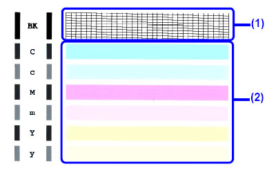 (1) If lines of this pattern are missing, the Black print head nozzle needs cleaning.
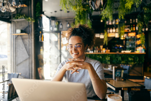 Cheerful remote worker sitting in cafe and smiling at the laptop.
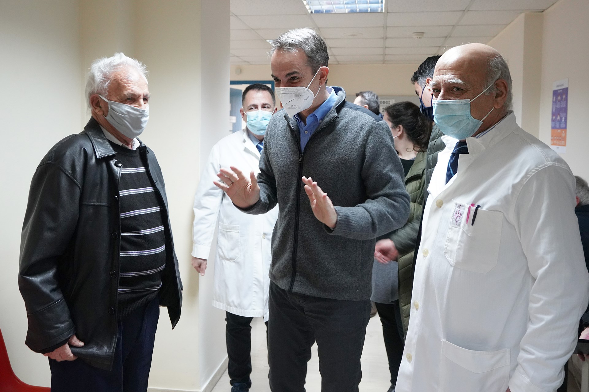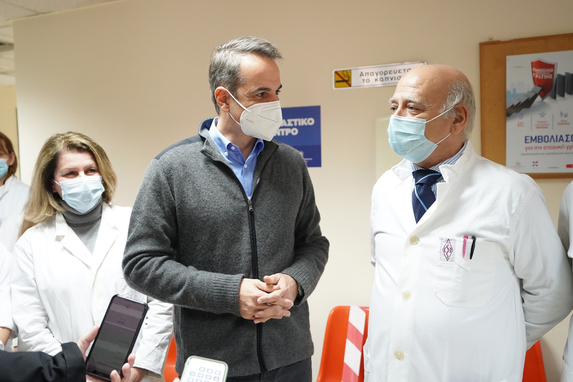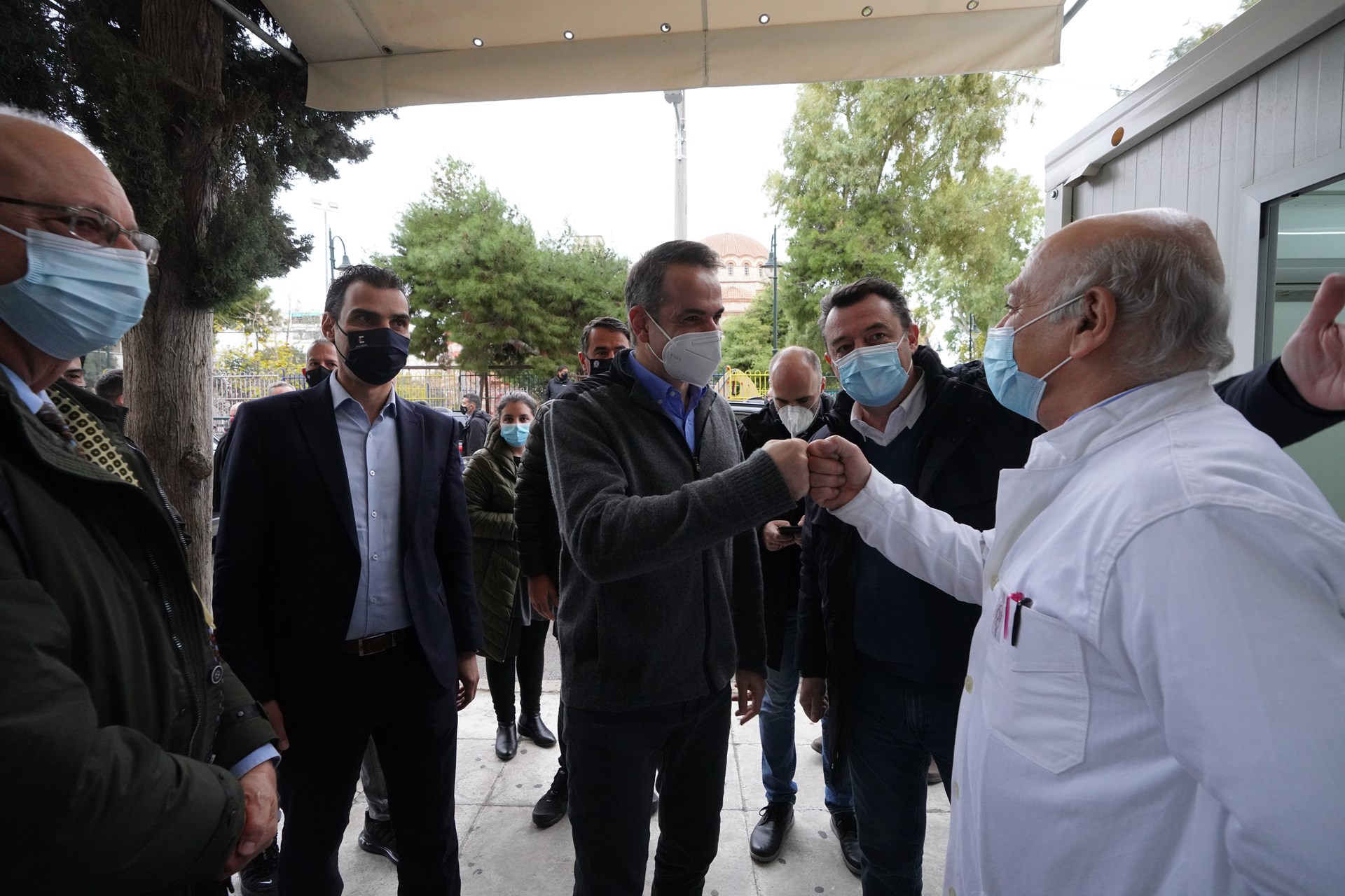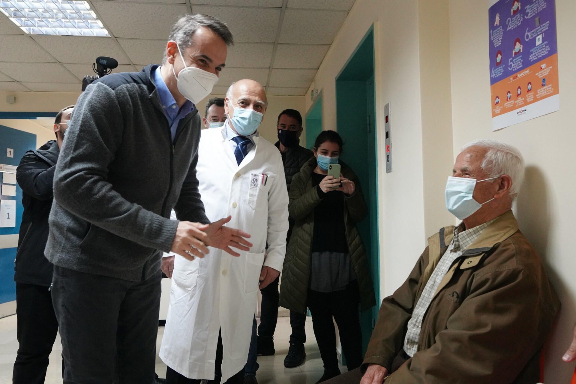 Στο πλαίσιο της επίσκεψής του, ο πρωθυπουργός συνομίλησε με ηλικιωμένους άνω των 85 ετών, οι οποίοι βρίσκονταν στο Κέντρο έχοντας προγραμματίσει τον εμβολιασμό τους, και με συνοδούς τους, ενώ ενημερώθηκε από το προσωπικό για την πορεία υλοποίησης του σχεδίου. Ο Κυριάκος Μητσοτάκης επισήμανε ότι η εκστρατεία εμβολιασμού προχωρά κανονικά, βάσει του προσεκτικού προγραμματισμού που έχει γίνει και σύμφωνα με τις προτεραιότητες που έθεσε η Εθνική Επιτροπή Εμβολιασμών. Τόνισε ότι έως σήμερα έχουν εμβολιαστεί περισσότεροι από 140.000 πολίτες, ενώ χθες Παρασκευή εντάχθηκε στην πλατφόρμα προγραμματισμού ραντεβού η αμέσως επόμενη ηλικιακή ομάδα.
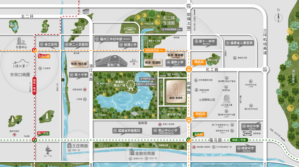 商业配套方面,榕发·揽湖郡周边聚集了四大商圈:东二环泰禾广场、爱摩轮商业广场、宜家商圈和世欧广场。
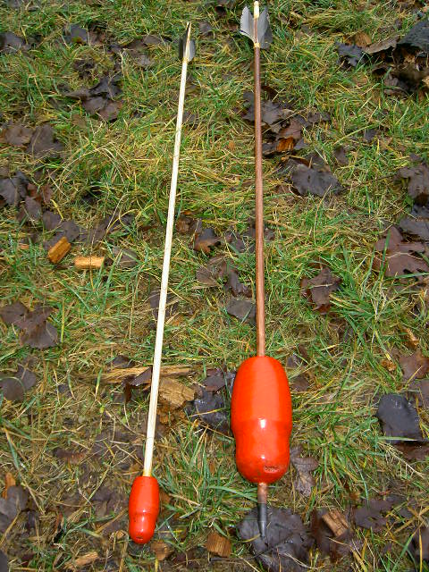 Nicht zu unterschätzen ist die Geschwindigkeit des Pfeiles. Meine Mini-Troschka gibt einen ganz gemeinen hellen Ton von sich, der mir gar nicht gefällt. Einmal ist der Korpus viel kleiner, und dann habe ich auch die Federn sehr kurz und tief gemacht. Da muss ich noch was ändern, damit der Pfeil langsamer fliegt. Hier sieht man mal die Größenunterschiede. Die kleine Flöte ist sechs Zentimeter lang.
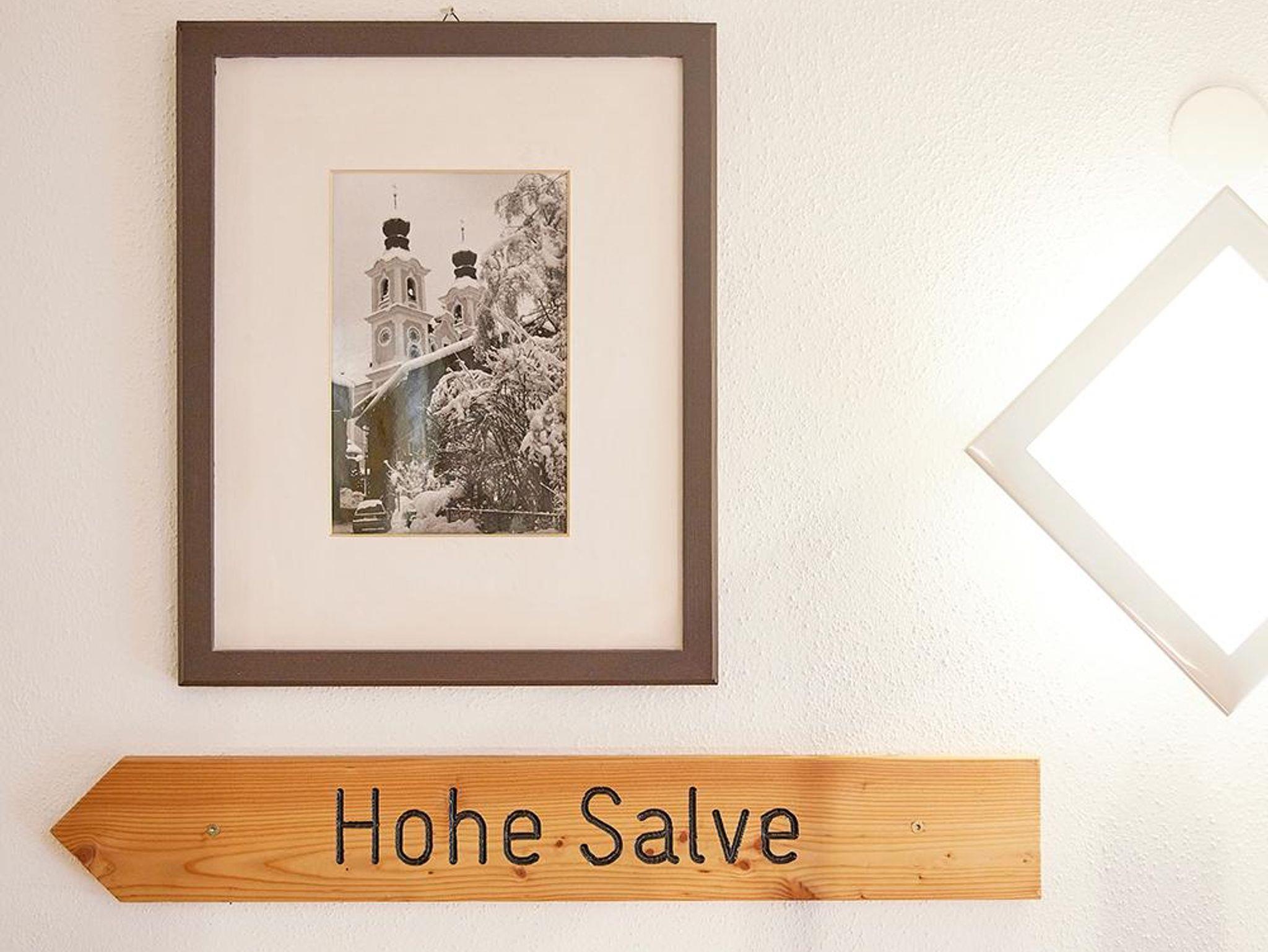 Unsere großzügige Ferienwohnung Hohe Salve (ca. 145 m²) befindet sich im 2. Stock und bietet Platz für bis zu 14 Personen, zuzüglich 1 Kinderbett (bzw. 17 Personen in Kombination mit unserem Dreibettzimmer G'sundheitsbründl). Sie verfügt über 5 Schlafzimmer. Das Besondere hieran ist, dass alle Schlafzimmer über ein eigenes Bad verfügen. Die Hohe Salve eignet sich für mehrere Familien mit Kindern. Alle Schlafzimmer sind zweckmäßig eingerichtet und mit SAT-Fersehgeräten und Zentralheizung ausgestattet. 3 der 5 Schlafräume verfügen zudem über einen Balkon.
• • • • •
> **Work order**
Beginning with the first line of the material above, please output each line exactly through the line that contains "Nicht zu unterschätzen", and only those, leaving out pictures.

> **Completed task**
 (1) If lines of this pattern are missing, the Black print head nozzle needs cleaning.
 Cheerful remote worker sitting in cafe and smiling at the laptop.
 Στο πλαίσιο της επίσκεψής του, ο πρωθυπουργός συνομίλησε με ηλικιωμένους άνω των 85 ετών, οι οποίοι βρίσκονταν στο Κέντρο έχοντας προγραμματίσει τον εμβολιασμό τους, και με συνοδούς τους, ενώ ενημερώθηκε από το προσωπικό για την πορεία υλοποίησης του σχεδίου. Ο Κυριάκος Μητσοτάκης επισήμανε ότι η εκστρατεία εμβολιασμού προχωρά κανονικά, βάσει του προσεκτικού προγραμματισμού που έχει γίνει και σύμφωνα με τις προτεραιότητες που έθεσε η Εθνική Επιτροπή Εμβολιασμών. Τόνισε ότι έως σήμερα έχουν εμβολιαστεί περισσότεροι από 140.000 πολίτες, ενώ χθες Παρασκευή εντάχθηκε στην πλατφόρμα προγραμματισμού ραντεβού η αμέσως επόμενη ηλικιακή ομάδα.
 商业配套方面,榕发·揽湖郡周边聚集了四大商圈:东二环泰禾广场、爱摩轮商业广场、宜家商圈和世欧广场。
 Nicht zu unterschätzen ist die Geschwindigkeit des Pfeiles. Meine Mini-Troschka gibt einen ganz gemeinen hellen Ton von sich, der mir gar nicht gefällt. Einmal ist der Korpus viel kleiner, und dann habe ich auch die Federn sehr kurz und tief gemacht. Da muss ich noch was ändern, damit der Pfeil langsamer fliegt. Hier sieht man mal die Größenunterschiede. Die kleine Flöte ist sechs Zentimeter lang.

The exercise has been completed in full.